Combattere lo spreco è un obiettivo essenziale per garantire l’accesso al cibo per tutti. 800 milioni di persone vivono nell’emergenza alimentare e 3 miliardi di esseri umani non riescono ad avere accesso ad una dieta sana. Dobbiamo contrastare in ogni modo questa cultura dello scarto trattando il cibo alla stregua di un bene essenziale come l’aria e l’acqua, non come prodotto “usa e getta”. Quasi il 30% del cibo prodotto ogni giorno (dati FAO) viene sprecato, che tradotto in termini di gas serra vuole dire l’8% delle emissioni totali (il quadruplo degli aerei!). Un tema, quindi, che non è solo etico, ma che ha un immenso valore sociale soprattutto per le generazioni future. Occorre trasferire ai nostri figli la consapevolezza che la buona alimentazione è salute per tutti, è benessere per tutti, è anche giustezza di quantità e privilegio di qualità.

L’Italia ha una cultura e una varietà alimentare che non ha pari al mondo. Come tutelare il “Made in” e far sì che in futuro non si perdano le tradizioni alimentari regionali, vera e propria ricchezza, soprattutto per le future generazioni?
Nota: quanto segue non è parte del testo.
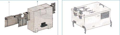 La caja de derivación dispone de unas pinzas que se enchufan en las pletinas de la canalización. En el interior de la caja se instalan los fusibles para proteger eléctricamente el cable de la acometida y la acometida que alimenta el punto de con-sumo se atornilla a los bornes de conexión existentes en el interior de la caja.
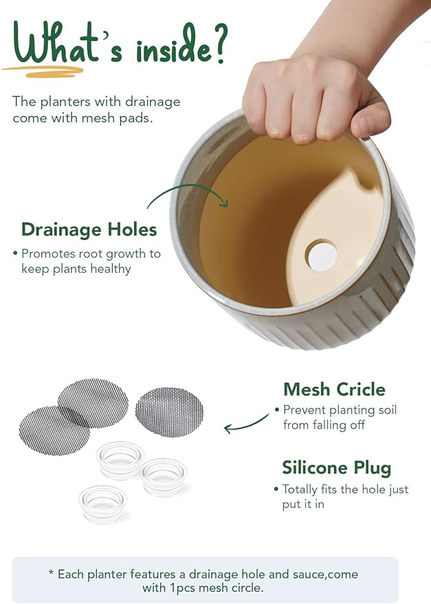 - Custom Drainage Planter System: Each ceramic plant pot includes a drainage hole, silicone plug and mesh pad—leave open for quick runoff or insert the plug to slow moisture, tailoring care to cactus, herbs or tropical foliage

Questa è una domanda che mi tocca molto da vicino. In essa è racchiuso il senso del lavoro fatto negli ultimi due anni, in Umbria, con l’Associazione regionale attraverso il progetto “Transameria” di cui mi sono fatto promotore con l’obiettivo di rendere il viaggio scoperta dei luoghi della nostra regione attraverso il cibo e la sua cultura gastronomica. Il mangiare bene che diventa accoglienza turistica, esperienza, identità, cultura e conoscenza. Un percorso che parte dal cibo per arrivare al cibo inteso come parte migliore di ogni luogo, che consente di conoscerlo e renderlo unico con la sua territorialità, le sue stagioni, i suoi ritmi, i suoi attori naturali (i produttori locali, i vignaioli, i ristoratori ecc..). Ed ecco allora che torniamo alla sua prima domanda chiudendo un cerchio che dà senso non solo a questa piacevole chiacchierata, perché solo attraverso la conoscenza ed il tramandare le tradizioni potremo tutelare il valore del nostro Paese, la sua storia e la sua infinita cultura. Ovviamente in maniera “slow”.

Convegno Slow Food Italia

Federico Varazi: Nasce ad Amelia, ma vive ad Orvieto, ormai da più di dieci anni, con la sua compagna Stefania, suo figlio Amos ed il suo cane Stella. Da sempre guarda il mondo con gli occhi e la curiosità di un geologo: dopo la laurea in geologia si è occupato e si occupa di divulgazione scientifica ed ha un costante bisogno di sapere per raccontare e per condividere il piacere della conoscenza. Quando ha iniziato a vivere ad Orvieto ha cominciato ad occuparsi di vino, in una delle città italiane più vocate, dove il nettare degli dèi parla di Etruschi e antichi vulcani. Poco dopo è entrato a far parte del Comitato Esecutivo Regionale di Slow Food Umbria dove si è occupato di comunicazione e più recentemente del progetto “Transameria”, primo esempio di turismo di comunità nella regione Umbria, sul modello dello Slow Food Travel. Oggi è Vicepresidente di Slow Food Italia e ne è molto orgoglioso. Viaggia spesso tra la sede storica di Bra e altri luoghi del bel Paese sapendo che, come lui stesso afferma,
“se della terra che calpestiamo ogni giorno rimangono ancora tanti segreti, allora, per assaporarli, conviene farlo attraverso le emozioni che solo un buon vino può dare”.